Dad drew pretty well, too.  He liked faces most.  Beyond that he engineered tile patterns at our front door and on the bathroom wall.  The art he is best remembered for is his woodworking.  When we cleaned out the garage after he died, we found semi-truck cabs cut out of pine, a couple wooden ferris wheels, walking alligators hinged with pieces of bicycle tires, and, of course, Mr. Duck.  Ask Kelly about that one.
So I wonder where Dad would be if he knew what I knew?  How would he approach PhotoShop?  What kinds of webpages would he have designed by now?  I know no drawing programs because it isn’t my thing, but I flat out guarantee you he’d have a half dozen of ‘em on his Mac.
I wonder if he’d be into anime?  I know you can create moving characters from scratch these days with a $50 app.  Or I wonder if he’d be designing homes?  He built the Fauver Avenue place with his Dad, after all.  I wonder if he’d trade the tv screen for the computer screen?  Shoot, I wonder if he would taken to designing apps?  
I am so grateful for Steve Jobs having come into my life.  I never met him, of course, but would have liked to.  His imagination has impacted mine.  As I said, I am in his debt.  I truly love being creative and learning on the computer.

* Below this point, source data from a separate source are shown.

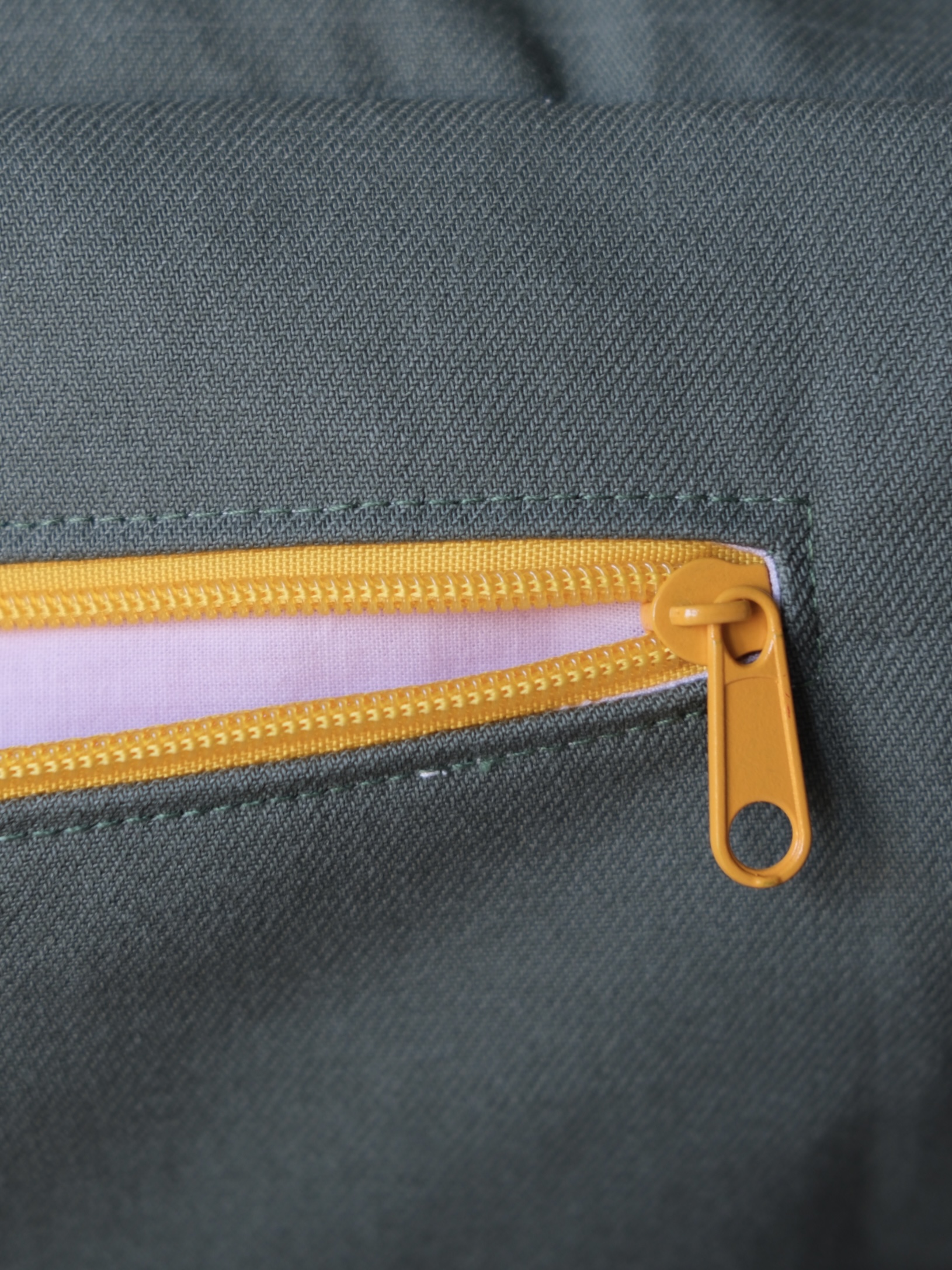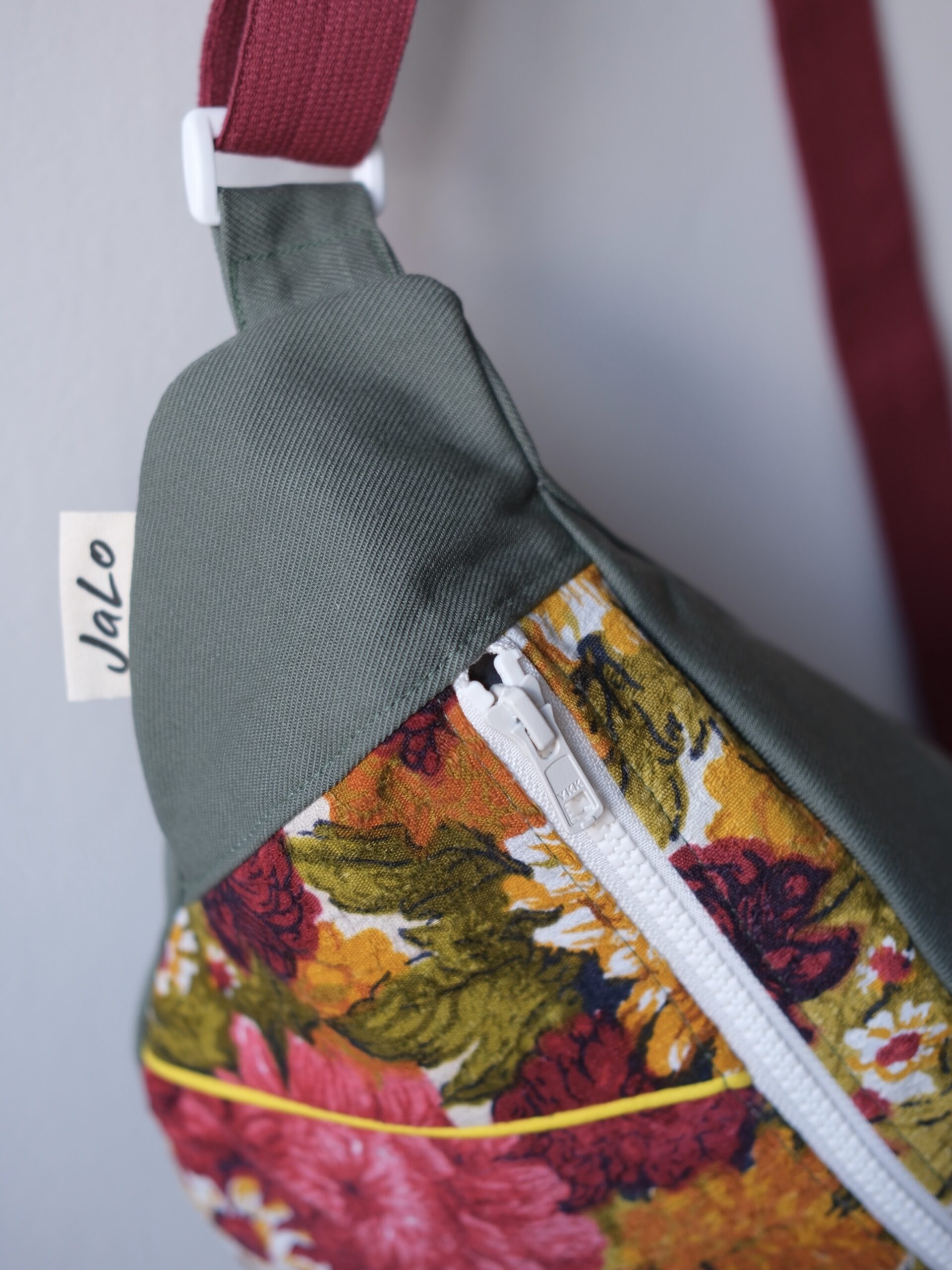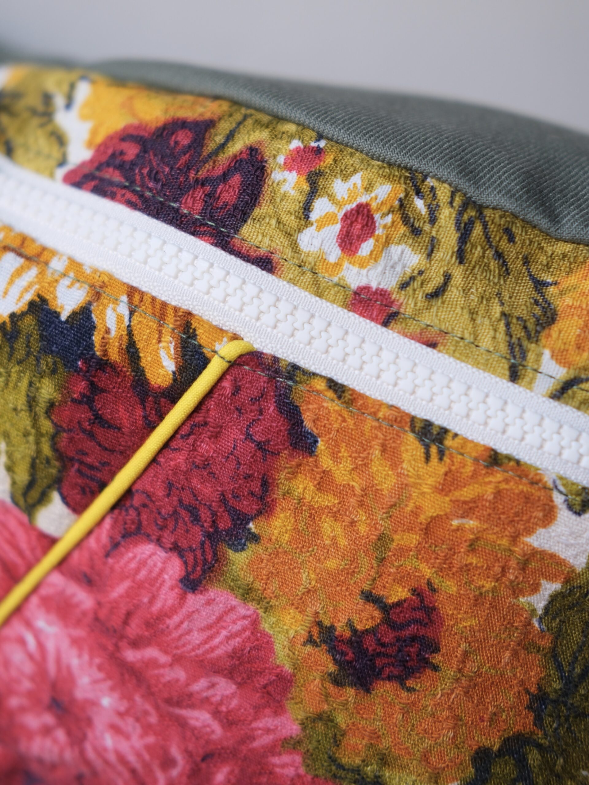 This totally vintage floral fabric, found in an Emmaus, made me think of the Canvas that many of our old aunts or grandmothers hung in a living room or a hallway (moreover, it’s time I got started because I have frames waiting to be taken down, washed and ironed before being transformed). The khaki fabric comes from a pair of military trousers, also vintage.
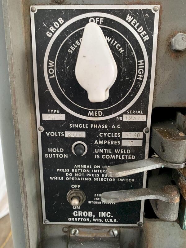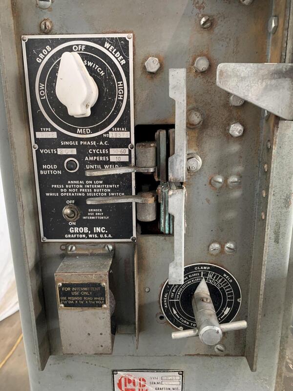 One Used GROB Vertical Band Saw Model NS18, Serial No 6775, 18" Throat, 9" Height Under Blade Guide, Tilting Table, Foot Activated Power Feed, Welder, Grinding Wheel and Shear, AC Motor and Controls, Located FOB Bridgeport, CT Warehouse.
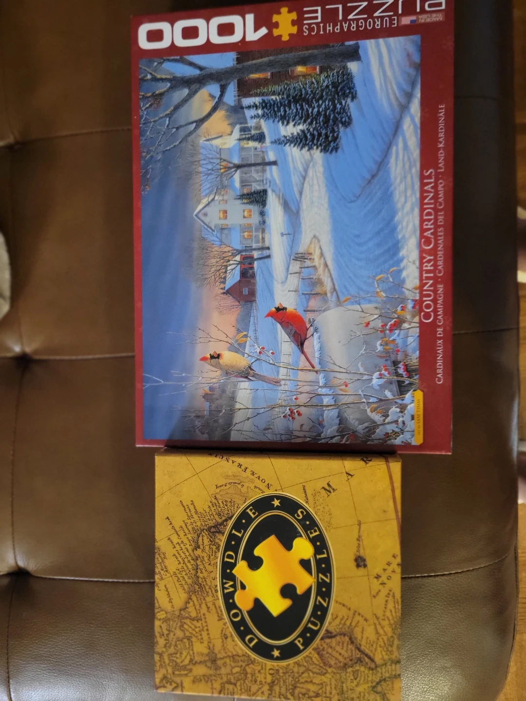 Weston Rutherford pickup This is a 1000-piece puzzle by Eurographics featuring the 'Country Cardinals' scene. It's a beautiful winter landscape with cardinals. Dowdle Puzzles is also included. This puzzle is great for puzzle enthusiasts of all ages!
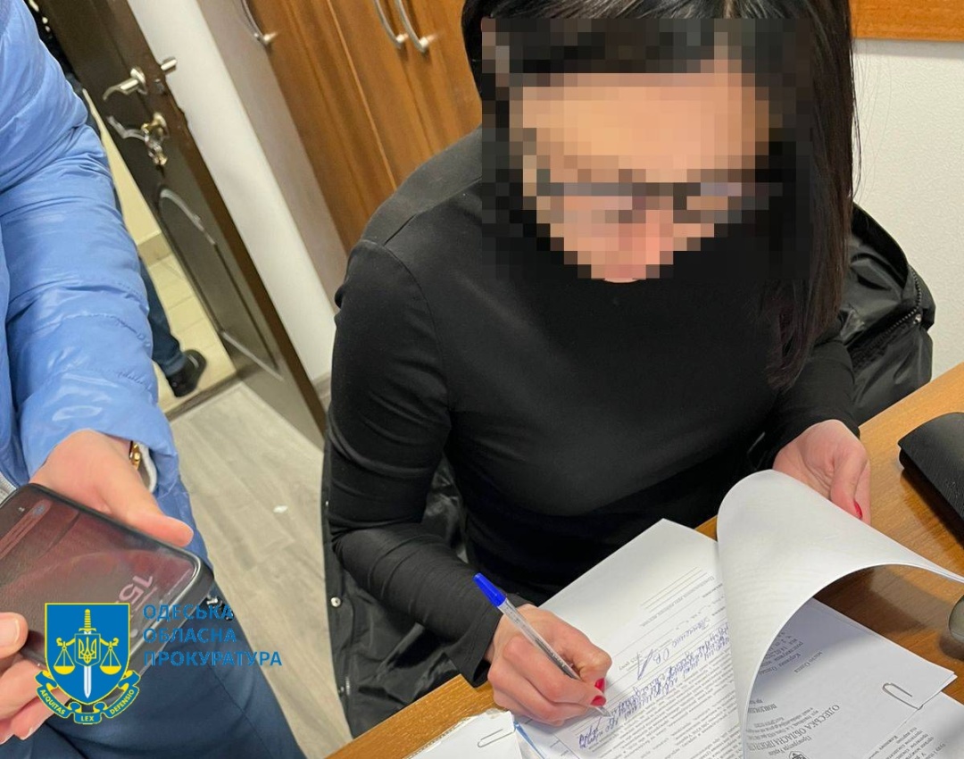Затримана адвокатка Олега Мальцева Ольга Панченко підписуж протокол обшуку. Фото – Одеська обласна прокуратура
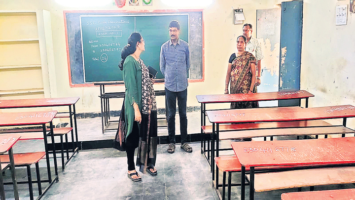 పరీక్షలు రాసే విద్యార్థులను ఉదయం 8.30 గంటల నుంచే కేంద్రాల్లోకి అనుమతించాలని ఆదేశించారు. పరీక్షలు ప్రారంభమైన అరగంట వరకు అనుమతిస్తారు. ప్రతి రోజు ఒకే విద్యార్థి/విద్యార్థులు ఆలస్యంగా వస్తే అనుమతించవద్దని ఆదేశాలిచ్చారు. పరీక్షలు నిర్వహించే పాఠశాలలకు సెలవులు ఇవ్వడం తో ప్రైవేటు పాఠశాలలు మధ్యాహ్నం పాఠశాలలు నడిపితే చర్యలు తీసుకుంటామని డీఈవో చంద్రకళ హెచ్చరించారు. పరీక్షలు రాసే విద్యార్థులు హాలులోని కి ఎలకా్ట్రనిక్ పరికరాలు, స్మార్ట్ వాచీలతో రాకూడద న్నారు. పదోతరగతి పరీక్షలకు ప్రత్యేక పరిశీలకులుగా పాఠశాల విద్యాశాఖ ఆర్జేడీ జ్యోతికుమారిని నియమిం చారు. ఈ మేరకు ఆదివారం ఆర్జేడీ జ్యోతికుమారి, డీఈవో చంద్రకళ క్వీన్మేరీస్ బాలికల ఉన్నత పాఠశాలలో ఏర్పాటుచేసిన కంట్రోల్రూమ్ నుంచి సమీక్షించారు. సోమవారం స్ట్రాంగ్రూమ్ల నుంచి పరీక్ష కేంద్రాలకు ప్రశ్నపత్రాలు, జవాబుపత్రాల పంపిణీలో ఇబ్బందులు ఎదురవకుండా చూడాలని అధికారులను ఆదేశించారు.

But what’s more, like the father and son at the end of Field of Dreams, instead of asking Dad if he wanted to have a catch, I would have loved to have taken him to the Apple Store and then watch his eyes light up.    
Today’s Elder Idea:  Tom, you were, and still are, a nature and music lover.  That, too, I think, came from my genes and also from my mother who also was a music lover.  You, today, still love the beauty God put on this earth and you like to protect it.  Keep it up.